▽

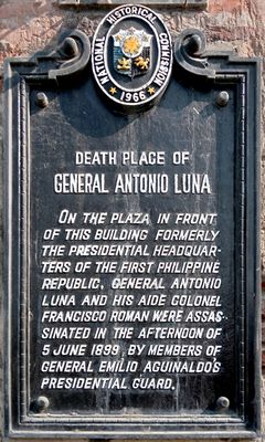 Death Place of General Antonio Luna historical marker, NHC historical marker for the site where Antonio Luna was assassinated
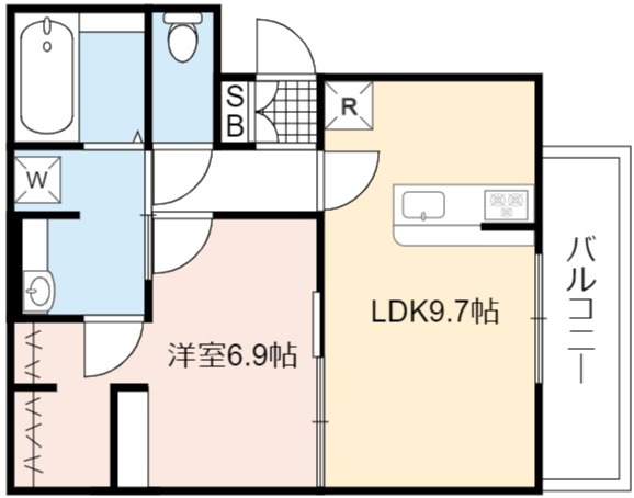 | 間取り詳細 | LDK 9.7畳 、 洋室 6.9畳 |
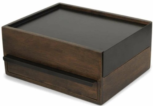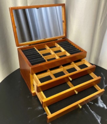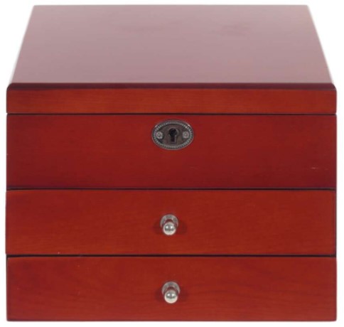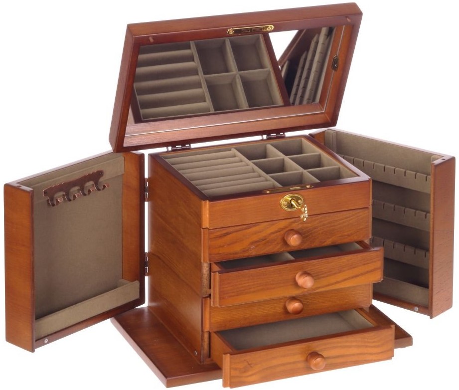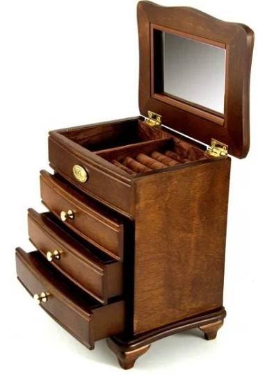 Bu geniş ahşap kutu şifonyer şeklinde olup küçük bir kilidi vardır. İç bölmeler kadife kumaşla kaplanmıştır, saklama sırasında aksesuarların zarar görmemesi sağlanır. Muhteşem tasarım her iç mekana uygundur, fazla yer kaplamaz, hem tuvalet masasında hem de dolabın içinde bırakılabilir. Maliyet: 5205 ruble.
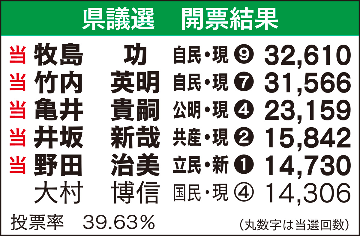 牧島氏は前回に続くトップ当選。県議会で現職最長の9期目を務める。「昭和・平成・令和と3つの時代を第一線で活躍できることを誇りに思う」とコメントした。
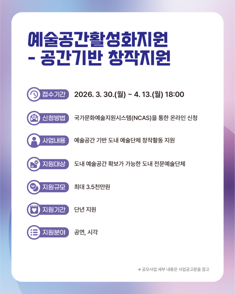 공모 접수는 오는 30일(월)부터 국가문화예술지원시스템(NCAS)을 통해 가능하며, 마감은 4월 13일(월) 오후 6시까지이다.
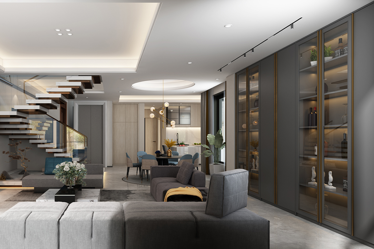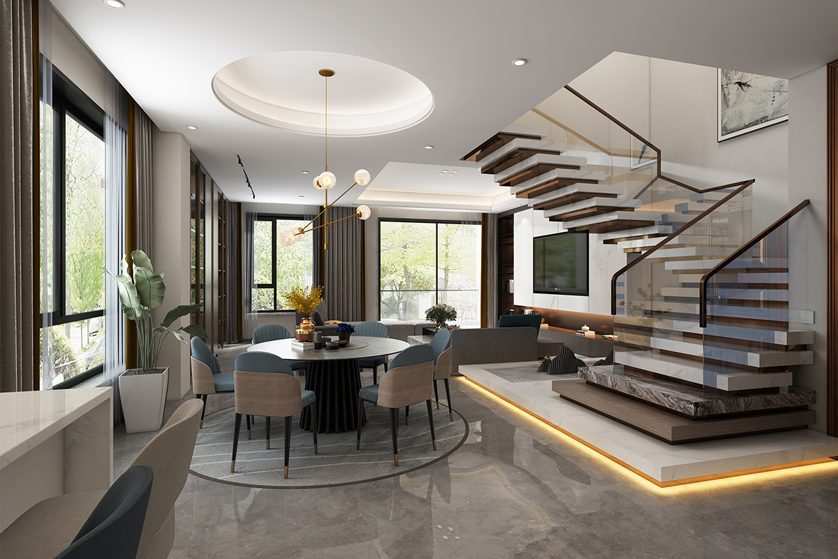 作為本次設(shè)計(jì)方案的亮點(diǎn),樓梯的改造設(shè)計(jì)是非常驚艷的,將原本藏在樓梯間的樓梯重新造型,改造,利用木質(zhì),石材,金屬,玻璃幾種元素的碰撞,再配合柔和的燈光,將原本平平無奇的樓梯作為空間的亮點(diǎn)。
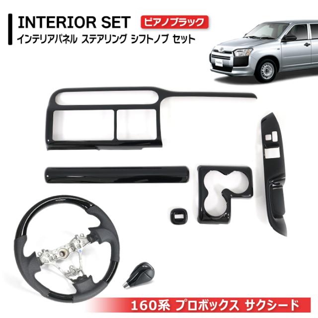 160系 プロボックス サクシード インテリア3点セット ピアノブラック 新品 インテリアパネル ガングリップ ステアリング シフトノブ 内装
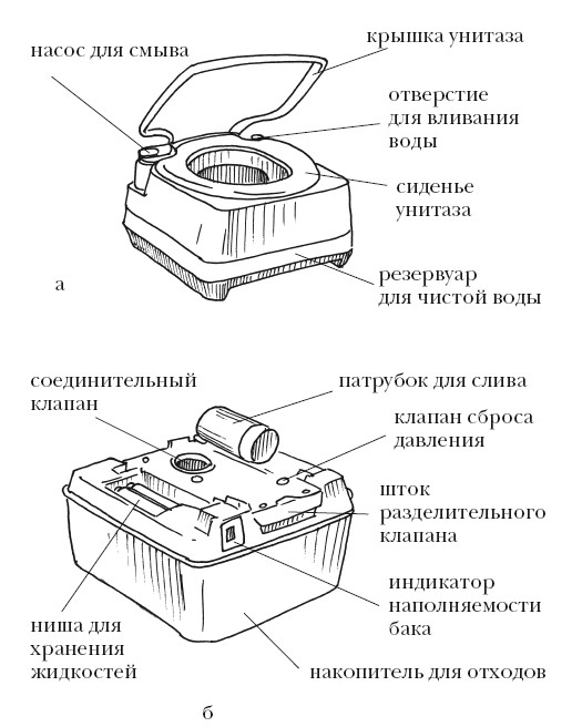 Рисунок 1. Принципиальные разновидности биотуалетов: а) кассетный; б) разъемный
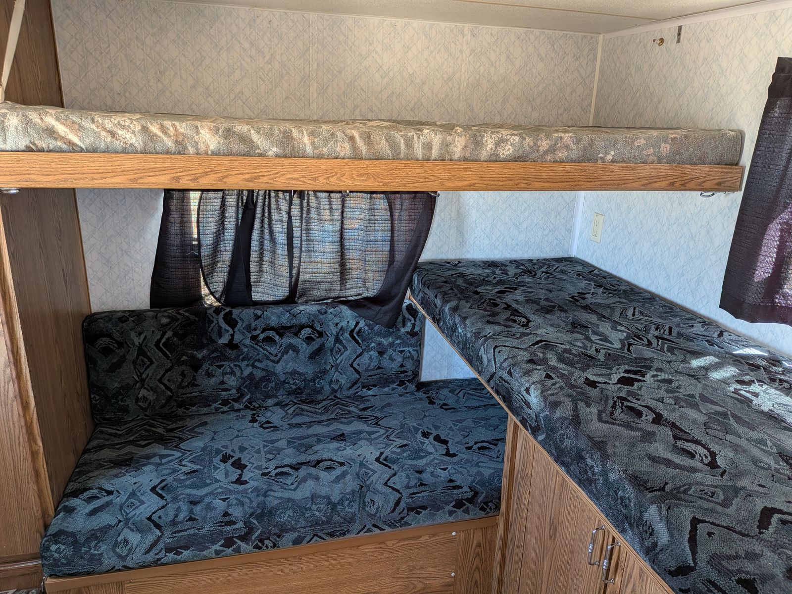 Great family camper with a rare bunkhouse layout and comfortable king bed. About 25 ft, lightweight (~3,460 lbs), tows easily with a half-ton truck or SUV.
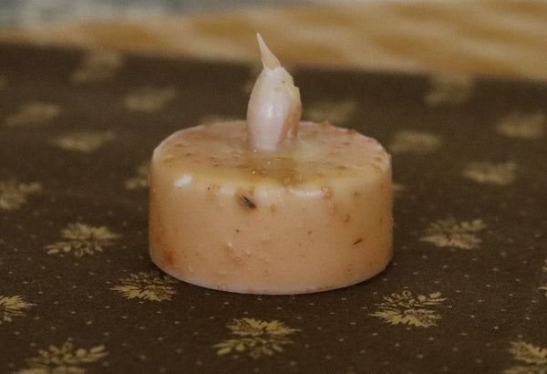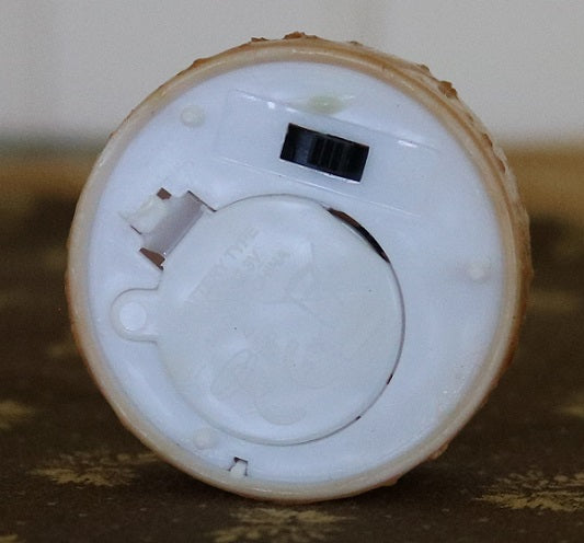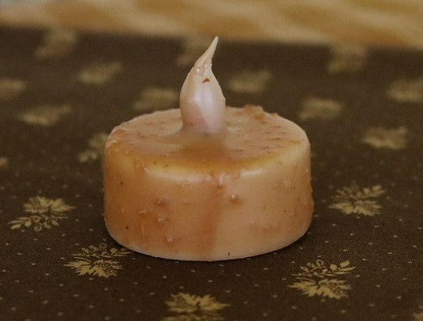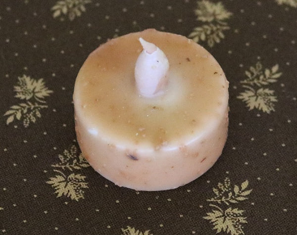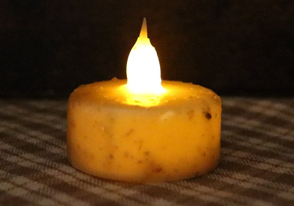 A primitive tea light that sports a wax surface lending tiny brown specks was placed inside, on top of nutmeg brown excelsior. There is no timer but rather an "on & off" switch.  This tea light softly flickers and offers exciting enchantment wherever it is placed.

△

Work task. Write out nothing but the lines from the one with "牧島氏は前回に続くトップ当選" through the last line of the entries, exactly as they stand; pictures are not part of the copy.

Solution to this task.
 牧島氏は前回に続くトップ当選。県議会で現職最長の9期目を務める。「昭和・平成・令和と3つの時代を第一線で活躍できることを誇りに思う」とコメントした。
 공모 접수는 오는 30일(월)부터 국가문화예술지원시스템(NCAS)을 통해 가능하며, 마감은 4월 13일(월) 오후 6시까지이다.
 作為本次設(shè)計(jì)方案的亮點(diǎn),樓梯的改造設(shè)計(jì)是非常驚艷的,將原本藏在樓梯間的樓梯重新造型,改造,利用木質(zhì),石材,金屬,玻璃幾種元素的碰撞,再配合柔和的燈光,將原本平平無奇的樓梯作為空間的亮點(diǎn)。
 160系 プロボックス サクシード インテリア3点セット ピアノブラック 新品 インテリアパネル ガングリップ ステアリング シフトノブ 内装
 Рисунок 1. Принципиальные разновидности биотуалетов: а) кассетный; б) разъемный
 Great family camper with a rare bunkhouse layout and comfortable king bed. About 25 ft, lightweight (~3,460 lbs), tows easily with a half-ton truck or SUV.
 A primitive tea light that sports a wax surface lending tiny brown specks was placed inside, on top of nutmeg brown excelsior. There is no timer but rather an "on & off" switch.  This tea light softly flickers and offers exciting enchantment wherever it is placed.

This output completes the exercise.